Actually, I'm not suggesting anything for your case. I brought the screenshot example as a means to understand where this problem lies. In my case, I thought that a "hardware" issue cannot be caught by a print-screen function (which relies only in software functionality). Example: If you break your display panel into pieces, and you still take a screenshot, the screenshot will display OK, although you will not be able to see it in this computer (because you will have smashed your screen)!
 

DianeK

macrumors regular
Jun 4, 2013
222
8
Actually, I'm not suggesting anything for your case. I brought the screenshot example as a means to understand where this problem lies. In my case, I thought that a "hardware" issue cannot be caught by a print-screen function (which relies only in software functionality). Example: If you break your display panel into pieces, and you still take a screenshot, the screenshot will display OK, although you will not be able to see it in this computer (because you will have smashed your screen)!

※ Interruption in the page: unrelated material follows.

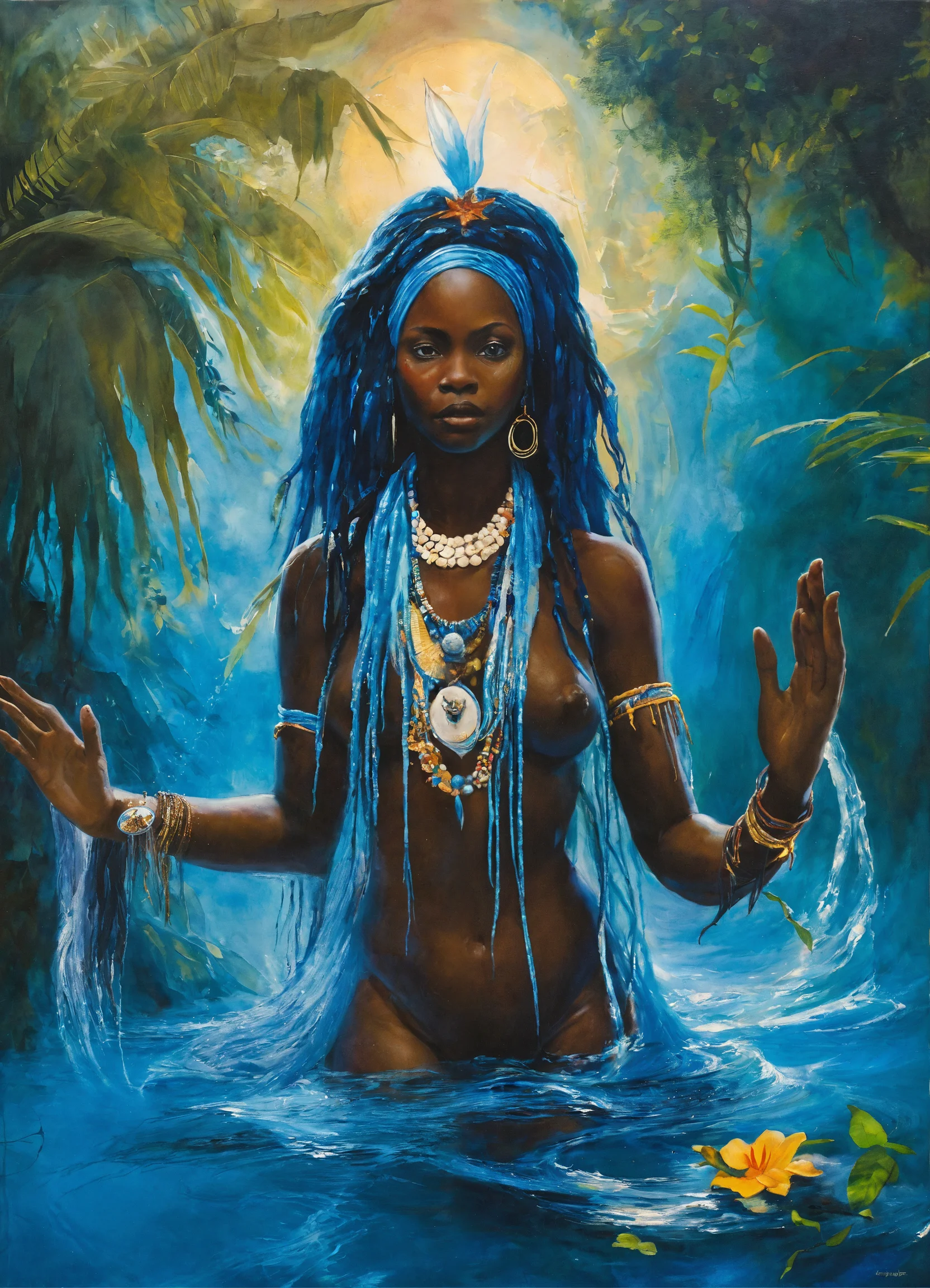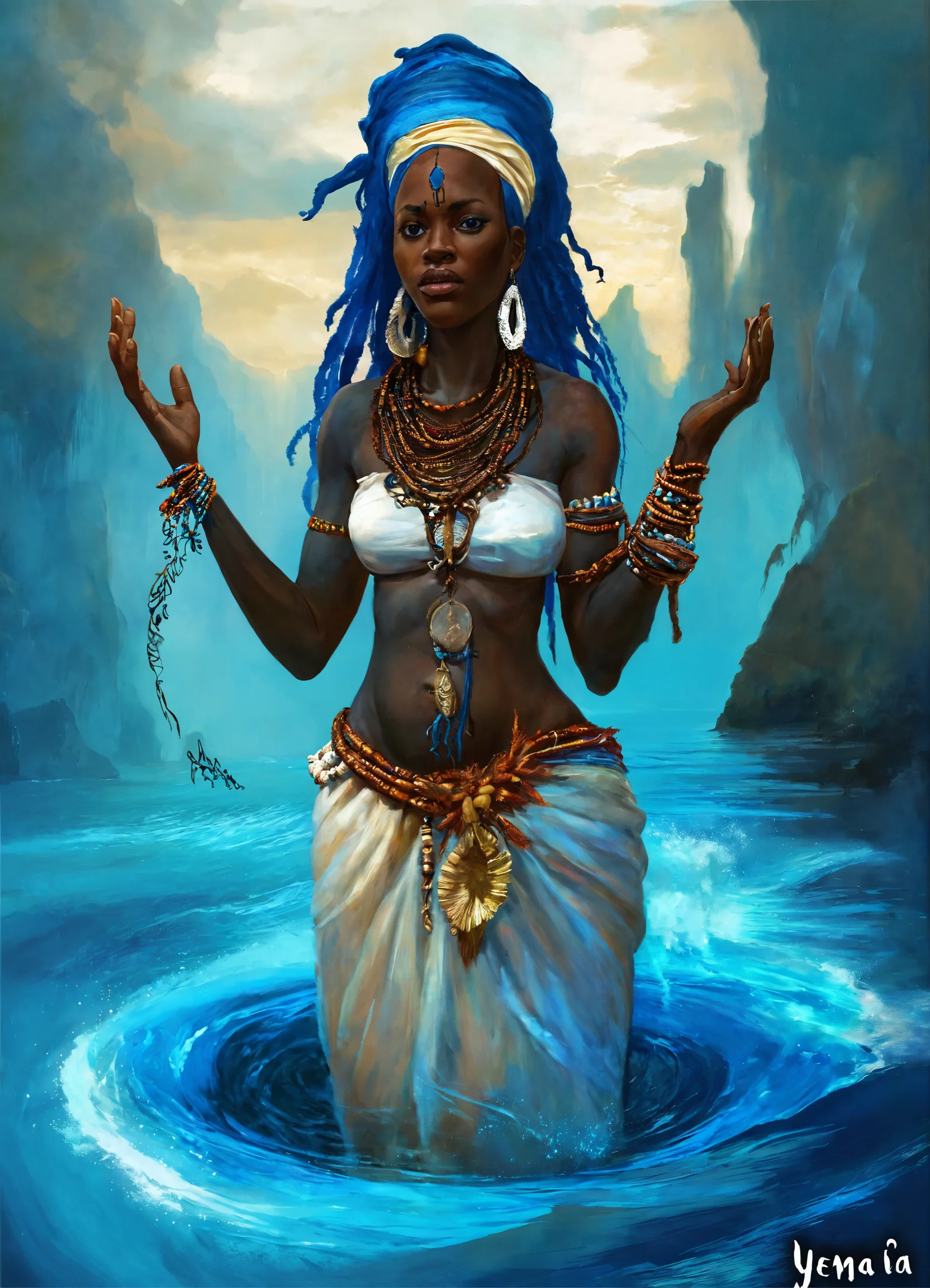 Yemaya, also known as yemanjá, is a powerful, primordial spiritual entity or orisha in yorubaland mythology that is associated with water and is considered the mother of all. she is a prominent and beloved spirit in santeria, candomblé, and other african diaspora traditions.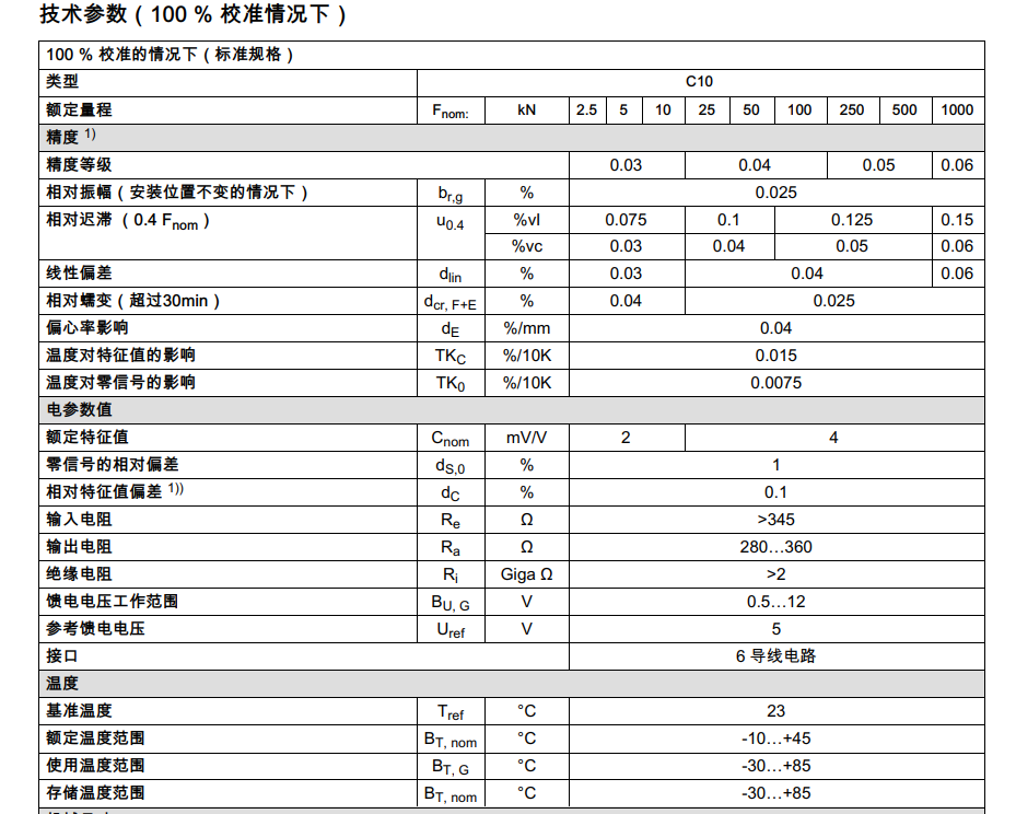 Scr廣州南創(chuàng)電子科技有限公司德國HBM力傳感器C10/250KN產(chǎn)品技術(shù)參數(shù):Scr廣州南創(chuàng)電子科技有限公司

OK, I think I get it...the software is actually generating an image based on what it thinks the display is supposed to be showing (regardless of what it is actually showing) whereas your cellphone camera took a picture of what was actually displayed. So in your case, the software-generated image was still not correct (leading you to wonder about a software issue) whereas for me the software-generated image was what the desktop was supposed to look like.

So the mystery is what was the mechanism involved with my screenshot generating action causing the actual display to correct itself? Not that I necessarily expect you have the answer but maybe someone can explain it...you may have noticed no one responded to my initial reporting of this.

Anyway, it certainly is a head-scratcher. Kinda like my graphics card gave itself a head-slap and said "oh yeah, that's what I'm supposed to be showing - oops" when the software completed the screenshot?
 

chrfr

macrumors G5
Jul 11, 2009
13,709
7,279
As for my last statement, I meant that if, for example, it was a display panel issue, then the screenshot would have looked like it should, without the display glitches. However, a failing graphics card could give warnings such as the one I'm seeing now, couldn't it?
Correct. Often, a failing GPU will record the artifacts in a screen capture.